You'll also need to have the Terraform and Ansible configurations for Pulsar locally on your machine. They're contained in Pulsar's GitHub repository, which you can fetch using Git:
$ git clone https://github.com/apache/pulsar
$ cd pulsar/deployment/terraform-ansible/aws
SSH setup
If you already have an SSH key and would like to use it, you skip generating the SSH keys and update
private_key_file
setting inansible.cfg
file andpublic_key_path
setting interraform.tfvars
file.For example, if you already had a private SSH key in
~/.ssh/pulsar_aws
and a public key in~/.ssh/pulsar_aws.pub
, you can do followings:
- update
ansible.cfg
with following values:
private_key_file=~/.ssh/pulsar_aws
- update
terraform.tfvars
with following values:
public_key_path=~/.ssh/pulsar_aws.pub
In order to create the necessary AWS resources using Terraform, you'll need to create an SSH key. To create a private SSH key in ~/.ssh/id_rsa
and a public key in ~/.ssh/id_rsa.pub
:
$ ssh-keygen -t rsa
Do not enter a passphrase (hit Enter when prompted instead). To verify that a key has been created:
$ ls ~/.ssh
id_rsa id_rsa.pub
Creating AWS resources using Terraform
To get started building AWS resources with Terraform, you'll need to install all Terraform dependencies:
$ terraform init
# This will create a .terraform folder
Once you've done that, you can apply the default Terraform configuration:
$ terraform apply
You should then see this prompt:
Do you want to perform these actions?
Terraform will perform the actions described above.

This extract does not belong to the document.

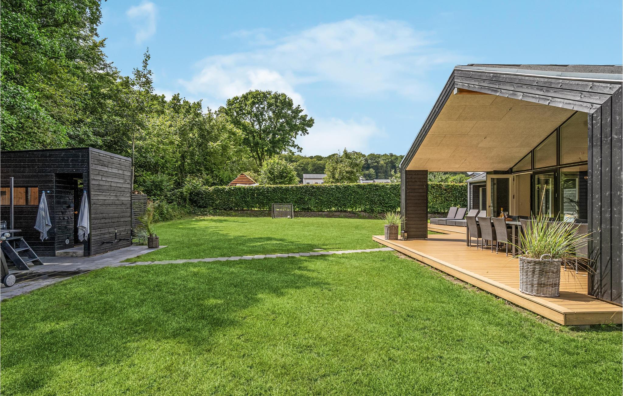Moderne sommerhus nær Grønninghoved Strand med sauna, vildmarksbad og aktiviteter for hele familien.

Only 'yes' will be accepted to approve.
Enter a value:
Type yes
and hit Enter. Applying the configuration could take several minutes. When it's finished, you should see Apply complete!
along with some other information, including the number of resources created.
Applying a non-default configuration
You can apply a non-default Terraform configuration by changing the values in the terraform.tfvars
file. The following variables are available:
Variable name | Description | Default |
---|---|---|
public_key_path | The path of the public key that you've generated. | ~/.ssh/id_rsa.pub |
region | The AWS region in which the Pulsar cluster will run | us-west-2 |
availability_zone | The AWS availability zone in which the Pulsar cluster will run | us-west-2a |
aws_ami | The Amazon Machine Image (AMI) that will be used by the cluster | ami-9fa343e7 |
num_zookeeper_nodes | The number of ZooKeeper nodes in the ZooKeeper cluster | 3 |
num_bookie_nodes | The number of bookies that will run in the cluster | 3 |
num_broker_nodes | The number of Pulsar brokers that will run in the cluster | 2 |
num_proxy_nodes | The number of Pulsar proxies that will run in the cluster | 1 |
base_cidr_block | The root CIDR that will be used by network assets for the cluster | 10.0.0.0/16 |
instance_types | The EC2 instance types to be used. This variable is a map with two keys: zookeeper for the ZooKeeper instances, bookie for the BookKeeper bookies and broker and proxy for Pulsar brokers and bookies | t2.small (ZooKeeper), i3.xlarge (BookKeeper) and c5.2xlarge (Brokers/Proxies) |
What is installed
When you run the Ansible playbook, the following AWS resources will be used:
- 9 total Elastic Compute Cloud (EC2) instances running the ami-9fa343e7 Amazon Machine Image (AMI), which runs Red Hat Enterprise Linux (RHEL) 7.4. By default, that includes:
- 3 small VMs for ZooKeeper (t2.small instances)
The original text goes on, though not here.